Irán, la próxima crisis financiera
Tras casi cuatro semanas de guerra entre Estados Unidos e Israel contra Irán, el mundo se enfrenta a la mayor crisis energética de la historia. Incluso mayor que la de la década de 1970, con aproximadamente el 20% del petróleo mundial atrapado. El cierre del estrecho de Ormuz, un punto estratégico crucial, no solo interrumpe los envíos de petróleo, sino que también corta el suministro de gas natural y fertilizantes para la agricultura. Alrededor del 20% de la producción mundial de fertilizantes proviene de los estados del Golfo Pérsico y no puede transportarse a través del estrecho.

Los precios del petróleo han subido un 50% desde que comenzaron los bombardeos el 28 de febrero; los de los fertilizantes, más del 30%. Ante estas interrupciones en el suministro de materiales vitales, cabría esperar una grave presión sobre el sistema financiero global. Sin embargo, tras casi cuatro semanas de conflicto, el sistema se mantiene notablemente estable; funciona sin pánico ni señales alarmantes de tensión.
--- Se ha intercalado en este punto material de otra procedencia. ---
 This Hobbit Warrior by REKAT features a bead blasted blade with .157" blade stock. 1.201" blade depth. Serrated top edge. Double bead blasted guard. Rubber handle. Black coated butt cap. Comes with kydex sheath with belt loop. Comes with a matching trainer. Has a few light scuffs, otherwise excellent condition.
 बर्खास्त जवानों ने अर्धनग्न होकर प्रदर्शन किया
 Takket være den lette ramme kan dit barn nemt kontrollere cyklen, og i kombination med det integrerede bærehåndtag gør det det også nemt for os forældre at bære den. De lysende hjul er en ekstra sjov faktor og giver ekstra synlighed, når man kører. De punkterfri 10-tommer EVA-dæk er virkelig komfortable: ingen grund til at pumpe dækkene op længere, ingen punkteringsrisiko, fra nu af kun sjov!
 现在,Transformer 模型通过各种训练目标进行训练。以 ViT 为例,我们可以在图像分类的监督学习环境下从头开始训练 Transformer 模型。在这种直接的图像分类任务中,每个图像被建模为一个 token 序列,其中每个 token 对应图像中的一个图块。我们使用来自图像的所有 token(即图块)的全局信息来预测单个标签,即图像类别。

Es importante distinguir entre las fluctuaciones de precios y la estabilidad. Los mercados bursátiles pueden caer un 10% o más en cuestión de semanas, y de hecho lo hacen con frecuencia. Los mercados de renta variable suelen descender un 5% aproximadamente una vez al año y un 10% o más cada pocos años; la más reciente se produjo en abril de 2025, tras el anuncio del presidente Trump de los aranceles del Día de la Liberación. Los mercados de renta variable globales son más volátiles. Los precios del petróleo pueden oscilar en un amplio rango, y la rentabilidad de los bonos también puede variar bruscamente en un corto periodo.
Sin embargo, estos movimientos de precios suelen producirse de forma ordenada, incluso si individuos o instituciones entran en pánico y los inversores toman decisiones precipitadas basadas en información limitada o en la mentalidad de rebaño. Ordenado significa que el sistema funciona como debe. Cuando alguien quiere vender o comprar algo, puede hacerlo; cuando se quiere retirar dinero, se puede; cuando se quiere enviar dinero o cambiar de inversión, se puede.
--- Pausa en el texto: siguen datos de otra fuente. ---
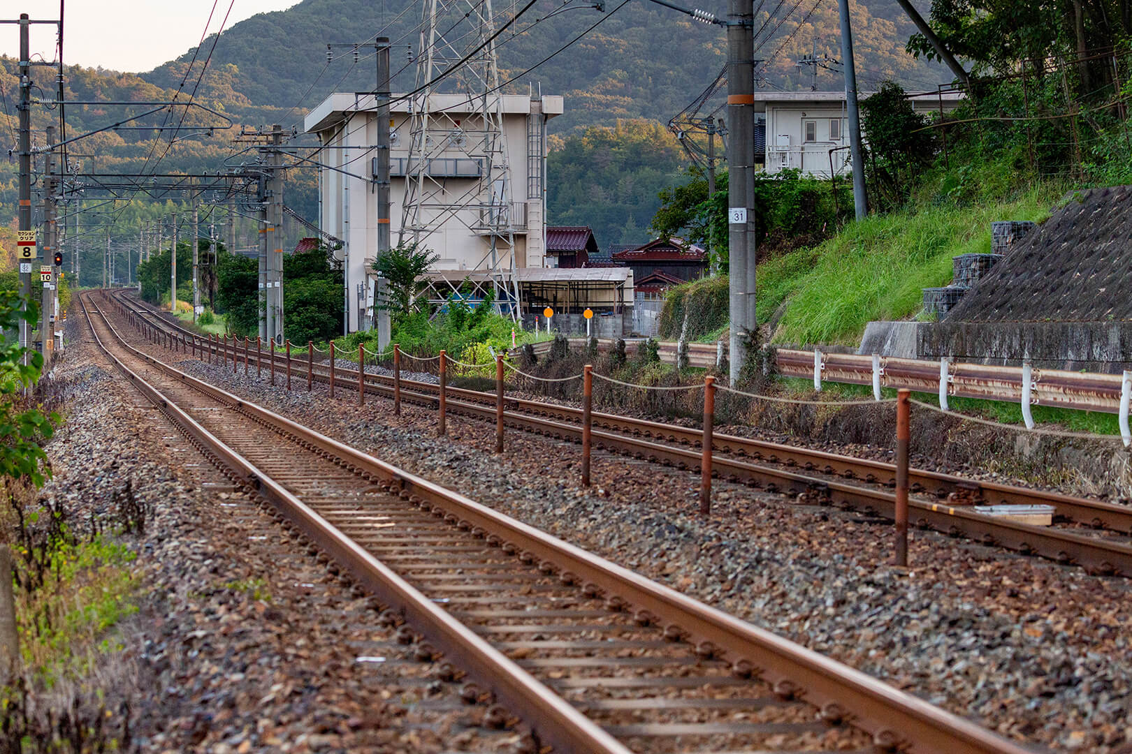 線路脇にコンクリートの基礎があり、その上から撮影しています。

Pero a veces, el sistema se resquebraja. La última vez fue en 2008, durante la crisis hipotecaria que se transformó en una crisis financiera global. Tareas básicas como asegurar que los bancos tuvieran suficiente dinero para que la gente pudiera retirarlo se convirtieron en un desafío. La Reserva Federal y los gobiernos de todo el mundo tuvieron que proporcionar enormes cantidades de liquidez de emergencia para evitar un colapso total.
La actual crisis energética podría hacer pensar que el sistema estaría en peligro, pero, por ahora, eso no es evidente. Las grandes crisis suelen ser producto de la convergencia de varios factores de estrés. Cabría imaginar que la combinación de la guerra con Irán, el temor a que el mercado de crédito privado, valorado en aproximadamente 3 billones de euros, sea una burbuja a punto de estallar y el pánico por el impacto de la inteligencia artificial en múltiples industrias podrían desestabilizar el sistema. Eso tampoco ha ocurrido todavía.
Pero si bien debemos estar atentos a los peligros, también es vital no ignorar que en las últimas décadas se ha observado estabilidad sistémica, lo que debería brindar cierto alivio en un mundo ya de por sí lleno de temores.